Program 1, Is That All There Is?
Thursday, 7:30pm; Sunday, 4:45pm
In "My Name Is Paulo Leminski," crazy dad with camera wants toddler son to recite Paulo Leminski poetry. It ends in tears, but not before son twists an "Everything I do, someone in me that I despise always thinks it's great" prompt into "Everything I fart, someone farts the most," for instance... Otters, gators, pumas, and wolves do their thing to weird voiceover in "The Golden Horde," which seems to be about the fallacy of negative reinforcement... I hope people stop drilling for oil after seeing "Petrolia"... Six Feet Under South Korean-style, the meditative "The Time of the Dying" opens with the words "We are surrounded by death in the middle of our lives." If the guy who dies in this one didn't really die and then come back to life, he's a really good actor... "The Goodybe Couple": Who is this couple sitting on the couch, faces obscured, husband wearing red bow tie and wife's eyes shining like jewels saying goodbye to?
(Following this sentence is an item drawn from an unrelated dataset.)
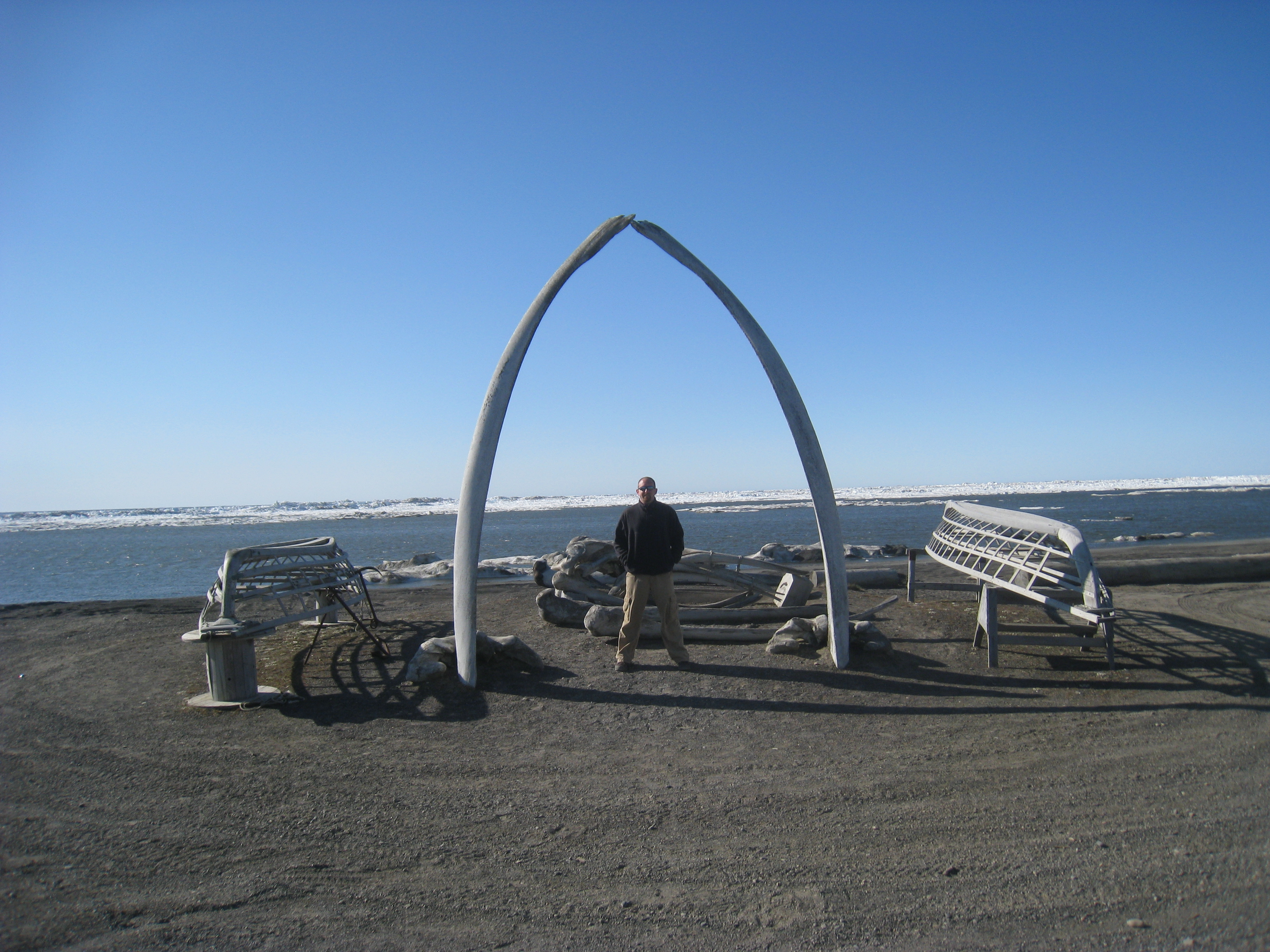 This whale bone arch is in the center of the town of Barrow, Alaska, overlooking the Arctic Ocean. Two whaling boats are on each side. Barrow, Alaska.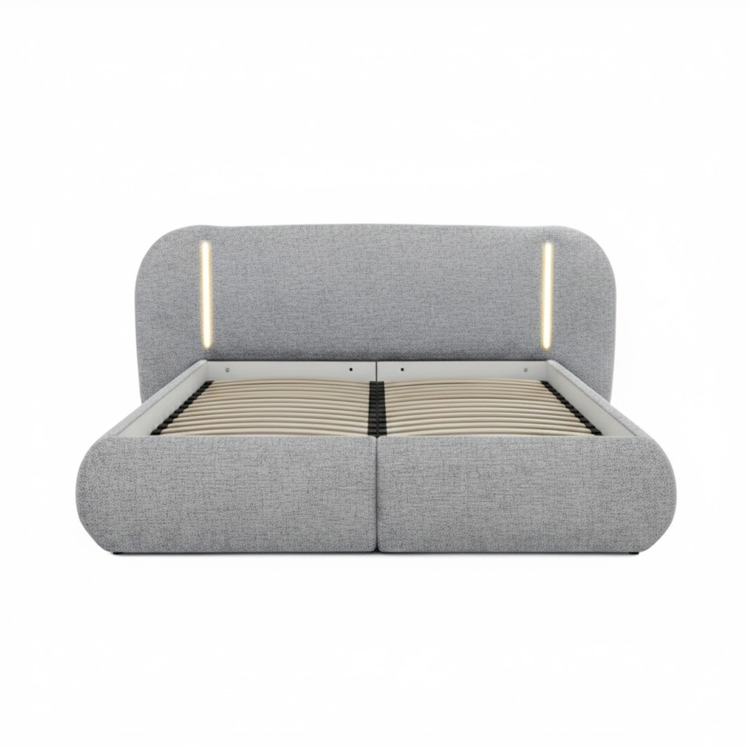 Patul tapitat 160 x 200 cm, cu iluminare, gri deschis Coco este dotat cu un sistem modern de iluminare cu bandă LED integrat în tăblie, oferind lumină ambientală perfectă pentru serile de lectură, momentele de relaxare sau pentru a crea o atmosferă intimă, fără a folosi surse de lumină puternice. LED-ul este eficient energetic și completează perfect designul contemporan al patului.

I don't know, but the question haunts me still... Not recommended for epileptics, the Ken Jacobs-Rick Reed collaboration "Mountaineer Spinning" finds a woman's face as well as, like, an Indian chief's, in a magic lantern.
Program 2, Deprived and Depraved
Friday, 2:30pm; Saturday, 9pm
"La Vie d'un Chien" and by "la vie d'un chien," I mean "a single chemical process to cause human chromosomes to mimic those of a dog" was made in Santa Rosa, Calif., but is a French-speaking black & white about a scientist who grants us true freedom from expectation. It's funny and sharp, but it will also make you want to hug your dog and hug yourself... The Richard Foreman interview/oral autobiography that is "The Ontological Cowboy" makes me feel old and cynical, because Foreman, whatever you think of his theatre, is basically old and cynical. Not to mention so fucking full of himself... My theory on "Ringo" is that its improvised conversation between two friends dictated the filmmakers' wistful, well-done scenes interspersed, which is kind of a neat idea if you think about it, or even if you don't... In "The Producer," a white-haired gentleman in glasses and gloves is on the phone spouting such things as "Anything like what I have in mind, maybe we could get that to work" and "So, when you make a film, you need to have the sense that you're in touch with someone else than what you see on the screen"... The constellations Alnitak, Alnilam, and Mintaka are anthropomorphized in "Superpower: Dakar Chapter"... A possibly homeless stormchaser is at the center of "Supercell," a rough but affecting video about loneliness and nostalgia... What is with all of this pulsating light and these naked dudes dancing around to pop songs slooooowed waaaaaayy dooowwn? Search me, but "Extending Trainer: Pressure Suits and Broomcrafts" will also give you a seizure if you're at all prone.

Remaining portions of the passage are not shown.